A similar assay for transport from the trans-Golgi to the TGN (the TGN assay) was employed using donor Golgi isolated from VSV-infected CHO Lec 2 cells that lack CMP– sialic acid translocase activity (15). By the same principle as the trans assay, transport was detected by coincubating Lec 2 donor membranes with wild-type acceptor membranes in the presence of CMP-[3H]sialic acid (48) and measuring incorporation of [3H]sialic acid into VSV-G protein. Unlike the medial assay, where VSV-G protein in the donor ERGIC could acquire GlcNAc upon delivery to the cis acceptor compartment in vitro (51), transport in these new assays is strictly intra-Golgi. This is because incorporation of GlcNAc into VSV-G protein carbohydrates, a Golgi-specific modification, is a prerequisite for the addition of galactose (31) in the assay. Since UDP-GlcNAc is not present in the incubation, only VSV-G protein that has reached the medial-Golgi and acquired GlcNAc in vivo can serve as substrate for addition of galactose in vitro. Likewise, incorporation of sialic acid requires that the VSV-G protein carbohydrates already contain galactose, and that the protein has, therefore, reached the trans-Golgi in vivo.

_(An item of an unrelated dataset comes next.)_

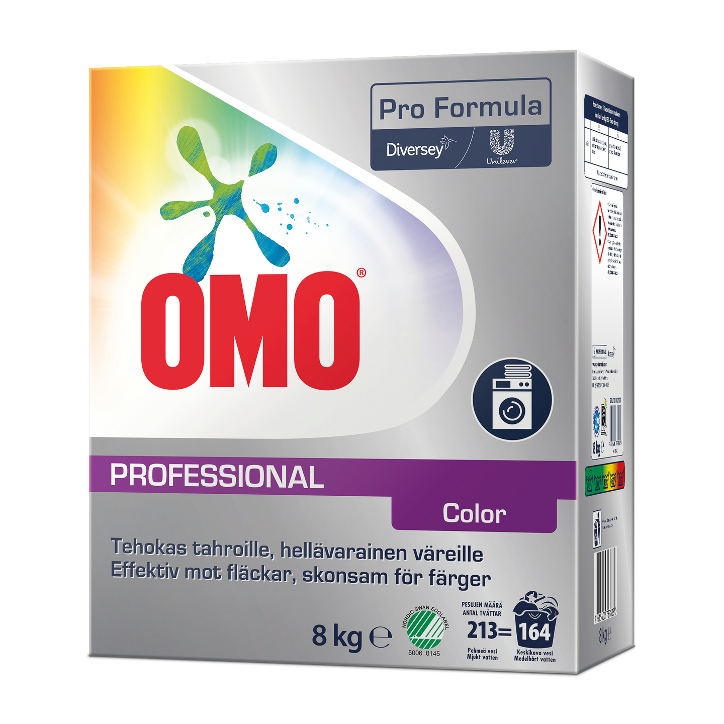 Omo Professional Color pyykinpesujauhe on kehitetty kaiken väristen tekstiilien pesuun ja se soveltuu myös mikrokuituisten siivoustekstiilien pesuun.. Omo Professional Color poistaa tehokkaasti rasva- ja öljylikaa ja entsyymit pilkkovat valkuaispitoista likaa, kuten veri- ja ruokatahroja. Vettä pehmentävänä aineena on polykarboksylaatti. Jauhe on miedosti hajustettu. Ainoastaan ammattikäyttöön.
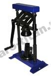 Стенд С-1 состоит из следующих основных частей: основания, упора, направляющей, колонок, втулки, домкрата. Основание и упор соединены между собой колонками, по которым при помощи домкрата передвигается направляющая, с установленной на ней прижимной втулкой. Вращением рукоятки домкрата втулка подводится к крышке энергоаккумулятора и усилием домкрата сжимает силовую пружину, находящуюся под поршнем. Стенд комплектуется съемником для выпрессовки толкателя. Он состоит из стакана, шпильки, гайки, хомута. Для выпрессовки толкателя из поршня шпилька заворачивается в толкатель, а при отсутствии резьбы закрепляется на толкателе при помощи хомута. На шпильку надевается стакан и при помощи гайки происходит выпрессовка толкателя.

The requirements for transport to the trans compartment and the TGN demonstrate a fundamental similarity to those for transport to the medial compartment. All assays required ATP and an ATP-regenerating system. In addition, cytosolic protein in the range of 0.5–1.0 mg/ml was necessary to observe optimal transport of VSV-G protein. Some preparations of cytosol were inhibitory at high concentrations in the assays. This was largely due to the suppression of glycosylation of VSV-G protein after transport, rather than inhibition of transport per se (not shown). Although not required for transport, 10 μM palmitoyl- coenzyme A, a purported vesicle fission and fusion agent (44, 45), stimulated transport in all three assays (not shown). As would be expected for processes involving targeted membrane fusion events, transport in all three systems also required the fusion protein NSF (not shown; reference 5). These data suggest that in vitro transport throughout the Golgi complex requires the regulated interaction and eventual fusion of membranes.

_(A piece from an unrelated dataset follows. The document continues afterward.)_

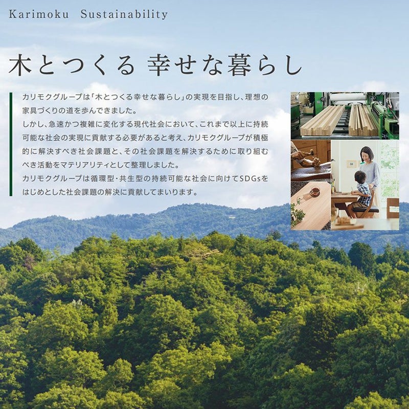 雄大な自然の中で育まれた天然木を活かし、最新の技術を取り入れ、「人と家具」という目線から人間工学を追求し、暮らしにマッチしたインテリア空間を造形していく, カリモクの家具は、グループ各社が培った技術・情報等を結集し品質・お客様満足の向上を図っています。 独自の情報網による調査や市場動向に基づいた商品開発力をはじめ、卓越した生産技術力や品質管理体制、安定した資材提供、さらには緊密な連携力を発揮する販売・流通などが一体となり、木製家具国内生産トップという確固たる信頼性を構築しています。グループ一丸の総合力を駆使し、家具を通じて快適なインテリア空間のご提案を行っている国内トップメーカーです。

The Characteristics of Transport to Each Golgi Compartment Are Distinct
Despite the similarities in general requirements, transport in the medial, trans, and TGN assays exhibits unique characteristics. For example, the rate of overall glycosylation-coupled transport to the trans-Golgi is slower than to the medial compartment, and even slower still to the TGN compartment (Table I). Since glycosylation of VSV-G protein is the rate-limiting step of the medial assay (28), we also measured the rate of transport independent of glycosylation using a two-stage kinetic assay. In the first stage, donor and acceptor membranes were incubated at 37°C with cytosol, ATP, and radiolabeled nucleotide sugar to allow transport and glycosylation to occur. At various times, the membranes were reisolated and incubated in a second stage under conditions that promote glycosylation of VSV-G protein that had been transported, while prohibiting further transport (see Materials and Methods). Analysis of the rates of transport using this two-stage kinetics assay demonstrates that the rate of transport to the trans-Golgi is substantially slower than transport to the medial compartment, and transport to the TGN is slower yet (Table I). Thus, each assay exhibits a characteristic rate of transport, as well as rate of transport-coupled glycosylation.
Table I.
Transfer step | ||||||
---|---|---|---|---|---|---|
Cis to medial | Medial to trans | Trans to TGN | ||||
Donor mutant | Lec1 | Lec 8 | Lec 2 | |||
Donor defect | GlcNAc transferase | UDP-Galactosyl translocase | CMP-sialic acid translocase | |||
Substrate | UDP-[3H]GlcNAc | UDP-[3H]Gal | CMP-[3H]SA | |||
Characteristics of transport | ||||||
T1/2 transport and glycosylation (min) | 25 | 40 | 50 | |||
T1/2 transport only (min) | 12 | 20 | 37 | |||
Donor, IC50 (mM NEM) | 0.2 | 0.8 | 0.9 | |||
Acceptor, IC50 (mM NEM) | >1.0 | 0.8 | 0.9 |
The kinetics of transport-coupled glycosylation were measured by stopping the transport reaction after various lengths of time at 37°C and placing on ice. The kinetics of transport independent of glycosylation were determined using two-stage kinetic assays (see Materials and Methods). The IC50 for inactivation by NEM was determined by pretreating either donor or acceptor membranes with 0–2 mM NEM for 15 min at room temperature, as described in Materials and Methods.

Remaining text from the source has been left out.